AIM OF THE TASK → As written and without pictures, set down the lines from the one that contains "万众期待的《阿凡达2》将于1" through the end of the data.

SOURCE MATERIAL →
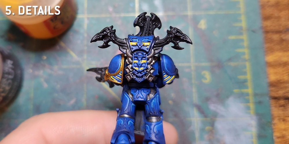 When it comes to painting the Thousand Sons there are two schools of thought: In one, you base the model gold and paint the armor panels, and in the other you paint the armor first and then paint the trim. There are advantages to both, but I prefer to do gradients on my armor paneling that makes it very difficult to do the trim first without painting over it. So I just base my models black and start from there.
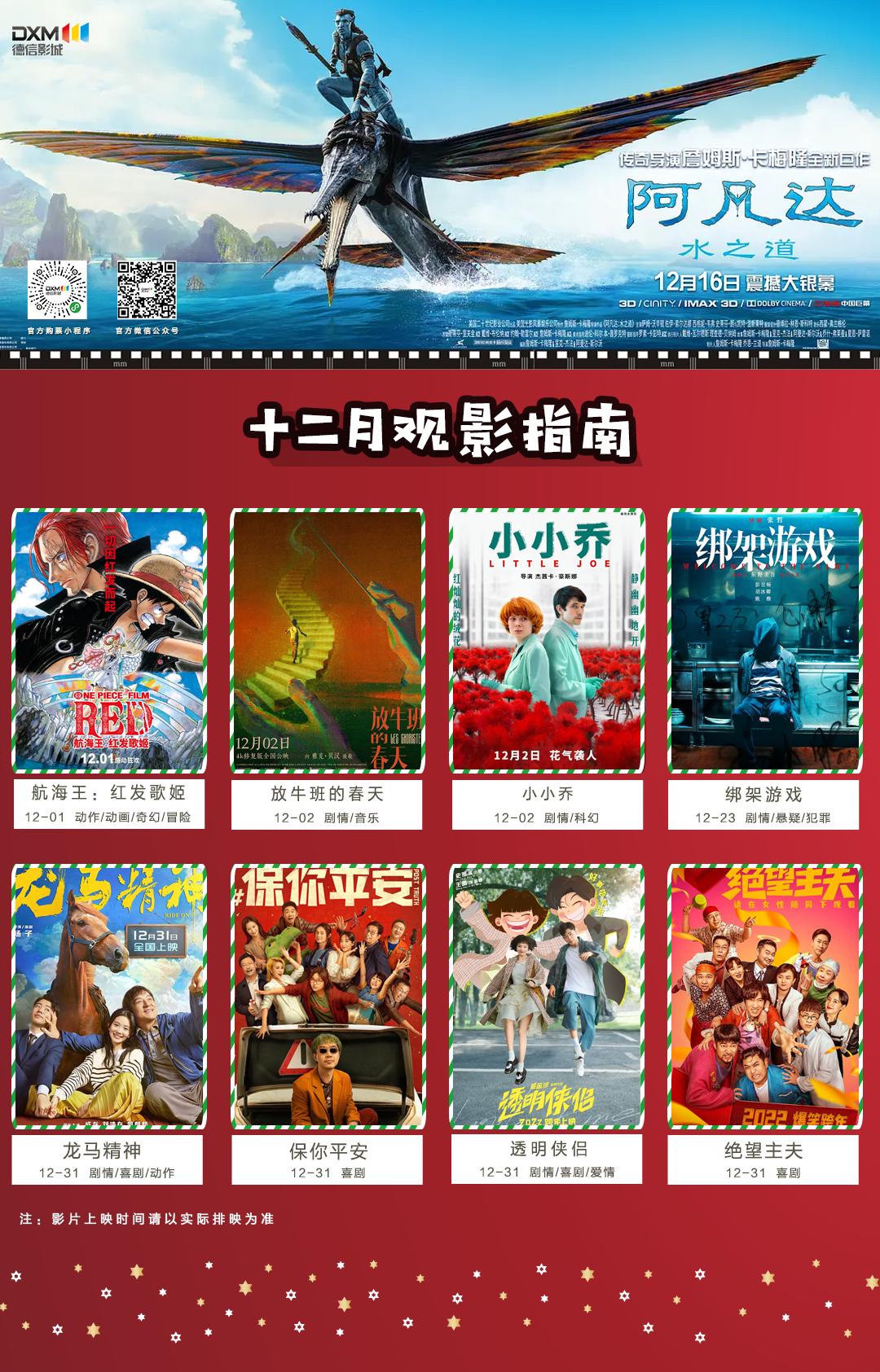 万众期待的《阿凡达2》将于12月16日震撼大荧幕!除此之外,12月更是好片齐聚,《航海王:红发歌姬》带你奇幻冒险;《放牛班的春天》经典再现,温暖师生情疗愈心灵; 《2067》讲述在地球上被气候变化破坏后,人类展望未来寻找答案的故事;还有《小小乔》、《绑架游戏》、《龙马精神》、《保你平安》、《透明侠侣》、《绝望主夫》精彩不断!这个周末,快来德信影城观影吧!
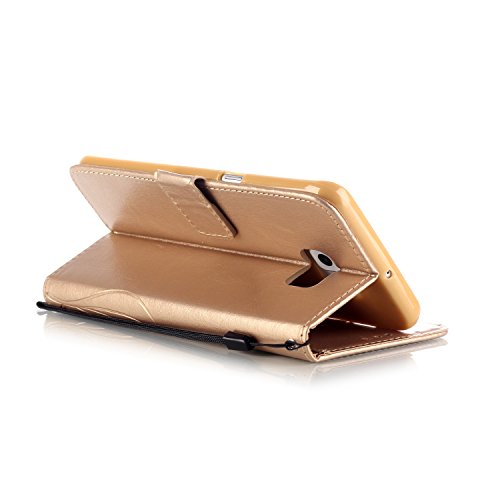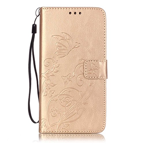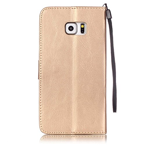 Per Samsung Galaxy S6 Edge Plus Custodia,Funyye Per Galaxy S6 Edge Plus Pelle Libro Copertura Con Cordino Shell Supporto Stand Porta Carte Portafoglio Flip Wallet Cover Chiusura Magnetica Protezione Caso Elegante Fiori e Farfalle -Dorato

OUTPUT →
 万众期待的《阿凡达2》将于12月16日震撼大荧幕!除此之外,12月更是好片齐聚,《航海王:红发歌姬》带你奇幻冒险;《放牛班的春天》经典再现,温暖师生情疗愈心灵; 《2067》讲述在地球上被气候变化破坏后,人类展望未来寻找答案的故事;还有《小小乔》、《绑架游戏》、《龙马精神》、《保你平安》、《透明侠侣》、《绝望主夫》精彩不断!这个周末,快来德信影城观影吧!
 Per Samsung Galaxy S6 Edge Plus Custodia,Funyye Per Galaxy S6 Edge Plus Pelle Libro Copertura Con Cordino Shell Supporto Stand Porta Carte Portafoglio Flip Wallet Cover Chiusura Magnetica Protezione Caso Elegante Fiori e Farfalle -Dorato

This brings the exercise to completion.